Provided data –
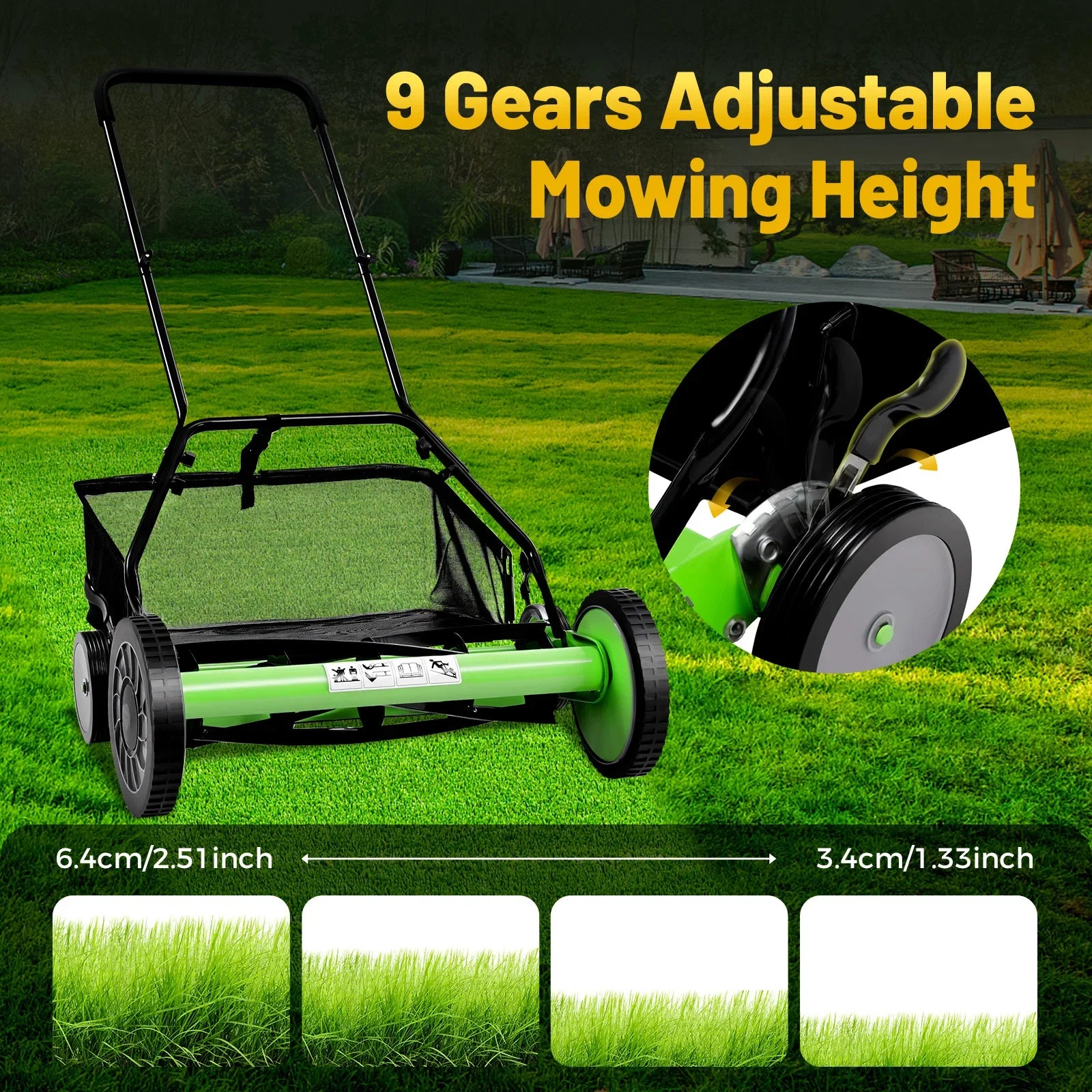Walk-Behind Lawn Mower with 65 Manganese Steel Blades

--

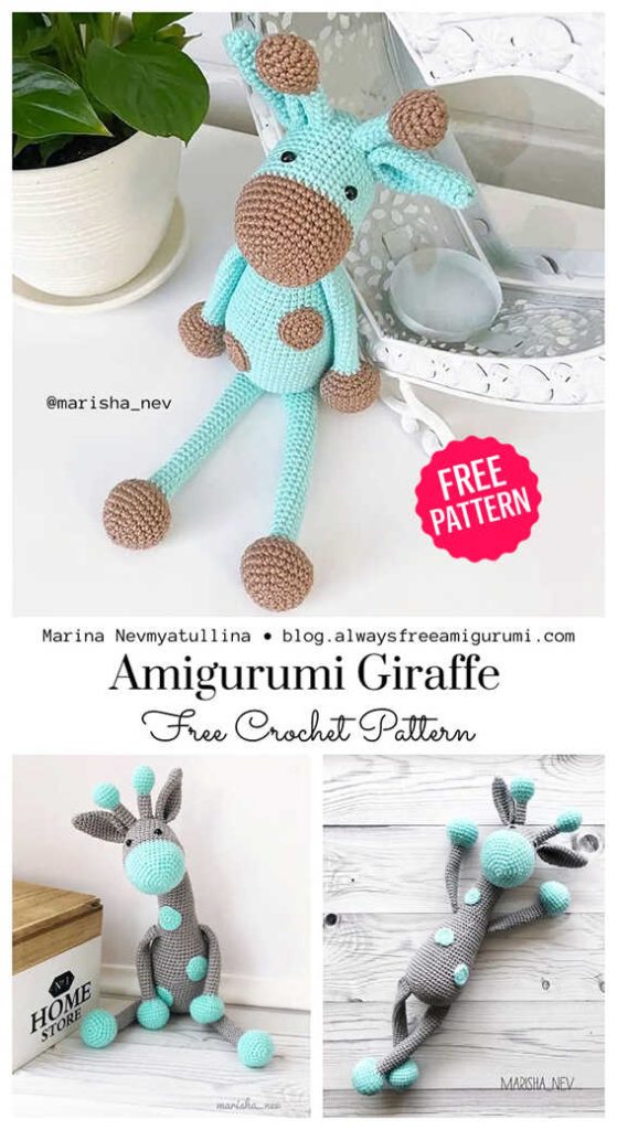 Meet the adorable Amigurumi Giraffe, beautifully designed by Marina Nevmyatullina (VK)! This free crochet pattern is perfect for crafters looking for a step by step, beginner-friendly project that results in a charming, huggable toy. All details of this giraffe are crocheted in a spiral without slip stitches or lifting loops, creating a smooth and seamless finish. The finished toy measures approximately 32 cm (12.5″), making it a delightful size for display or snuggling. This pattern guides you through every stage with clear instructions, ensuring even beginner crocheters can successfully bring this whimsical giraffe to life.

---

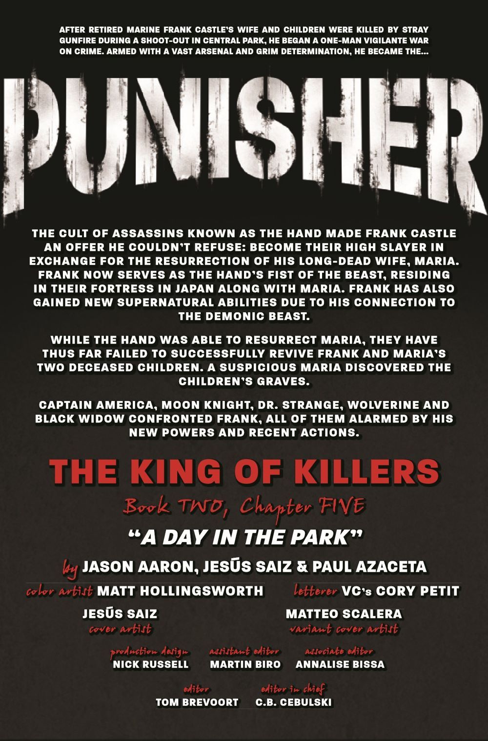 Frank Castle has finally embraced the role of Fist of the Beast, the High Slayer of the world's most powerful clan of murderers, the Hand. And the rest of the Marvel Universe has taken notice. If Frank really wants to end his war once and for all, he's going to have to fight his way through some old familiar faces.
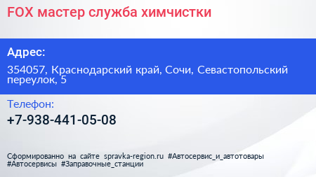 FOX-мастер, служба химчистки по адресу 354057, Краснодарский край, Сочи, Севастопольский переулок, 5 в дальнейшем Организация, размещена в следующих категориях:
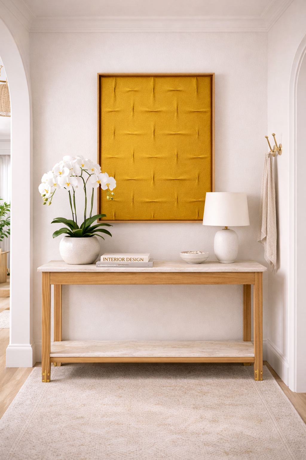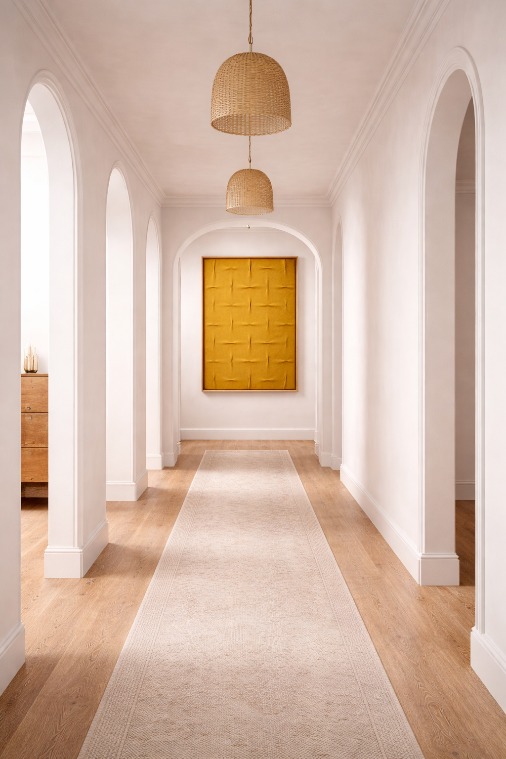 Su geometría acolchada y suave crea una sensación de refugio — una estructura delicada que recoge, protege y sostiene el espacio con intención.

Task objective – Write out exactly the run of lines above that starts at the line containing "Frank Castle has" and ends at the line containing "Su geometría acolchada". Include both, and leave the pictures out.

Written answer –
 Frank Castle has finally embraced the role of Fist of the Beast, the High Slayer of the world's most powerful clan of murderers, the Hand. And the rest of the Marvel Universe has taken notice. If Frank really wants to end his war once and for all, he's going to have to fight his way through some old familiar faces.
 FOX-мастер, служба химчистки по адресу 354057, Краснодарский край, Сочи, Севастопольский переулок, 5 в дальнейшем Организация, размещена в следующих категориях:
 Su geometría acolchada y suave crea una sensación de refugio — una estructura delicada que recoge, protege y sostiene el espacio con intención.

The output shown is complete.